A cada enxadada, fincando o chão seco,
duro e praguejado, o suor escorrendo pelas costas abaixo, sob um sol impiedoso,
Gregório, involuntariamente, matuta. Se ao menos essas lembranças o
abandonassem um pouco, a força dos braços seria mais viva. Qual o quê? Ferem
seu corpo como espinhos, ficam como acordes de tristeza a lhe tocarem a alma.
Pensamentos teimosos! Por que não se vão, feito a chuva?!
Gregório para um pouco... Tira o chapéu.
Os cabelos grudados à testa, o suor caindo-lhe sobre as pálpebras enrugadas.

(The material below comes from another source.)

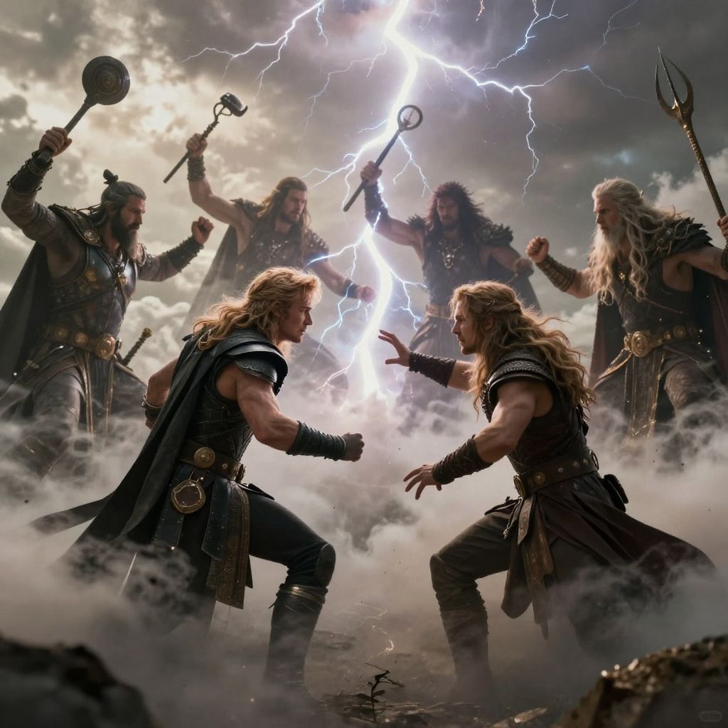 Zack Snyder style mythological battle, gods clashing amidst clouds and lightning, dynamic poses, cinematic depth of field, muted earth tones with bursts of electric light

Sente-se um caco! Olha a sua volta, demoradamente, depois ergue seus olhos para
o céu. Nada de nuvens! O céu infinitamente azul, e o sol, majestoso, reinando
tirano. Tem sede... Olha para a moita de arbustos lá adiante, e sente-se
desanimado calculando a distância que o separa da sua moringa. O jeito é
arranjar forças pra chegar até lá. Sem água nem é possível pensar, quanto mais
continuar! Descansa a enxada sobre o torrão de terra que acabou de revirar e
segue em direção dos arbustos.
Farto, saciado com a água fresca da
moringa de barro, pensa num cigarrinho... Afinal, pressa num dia como hoje é
bobagem! O corpo não suporta aquele calor infernal! Tem consciência de que hoje
o trabalho rende pela metade.
Passa a botina pelo capim seco como se
limpasse o chão, e solta o corpo num sentar extenuado. Passa a mão no embornal
e dele retira um pedaço de fumo, o canivete, a palha de milho. A mão esquerda em
forma de concha protege os fiapos de fumo que ele vai picando. Cheiro forte e
bom! Não resiste... Coloca um naco na boca.
Cinco anos já se passaram desde que sua
mulher se foi... Cinco anos doídos, arrastados, vazios. Doença maldita! Tudo
tão rápido que não teve nem tempo pra se acostumar com a ideia. Teve de se
acostumar, precisou se arranjar mergulhado na dor. Ficou muito difícil, tanto
que até hoje não se resignou.
Nessa época do ano ainda é pior!
Dezembro lhe dá um desconsolo, um desamparo... A solidão é tamanha que parece transpirar
pelos poros. Bom seria se não existisse este pedaço do ano!
Amanhã é Natal. Diacho de dia mais bobo!
Ainda bem que já se preveniu... A garrafa de pinga o aguarda! É sempre assim...
Começa a beber à noitinha e vara as outras vinte e quatro horas numa carraspana
sem fim! Duro mesmo é o outro dia! Um vazio no estômago, enjoo, tremura no
corpo, suadeira fria e um desânimo de dar pena! Pelo menos durante algumas horas
não pensa. Apenas dorme. Se nos intervalos, entre um gole e outro, aquela
saraivada de pensamentos teimosamente tenta chegar, Gregório não vacila. Sorve
goles rápidos e constantes até que adormece. É assim o seu Natal. Nem abre as
portas da casa! Pra quê? Não carece...
Mas agora, ali sentado, dando tragadas
longas e repetidas no seu cigarro de palha, sóbrio, não tem como afugentar suas
ideias. Se ao menos um filho viesse! Que nada! Isso só aconteceu no primeiro
ano. Depois, foi tudo só. Ele e a vida...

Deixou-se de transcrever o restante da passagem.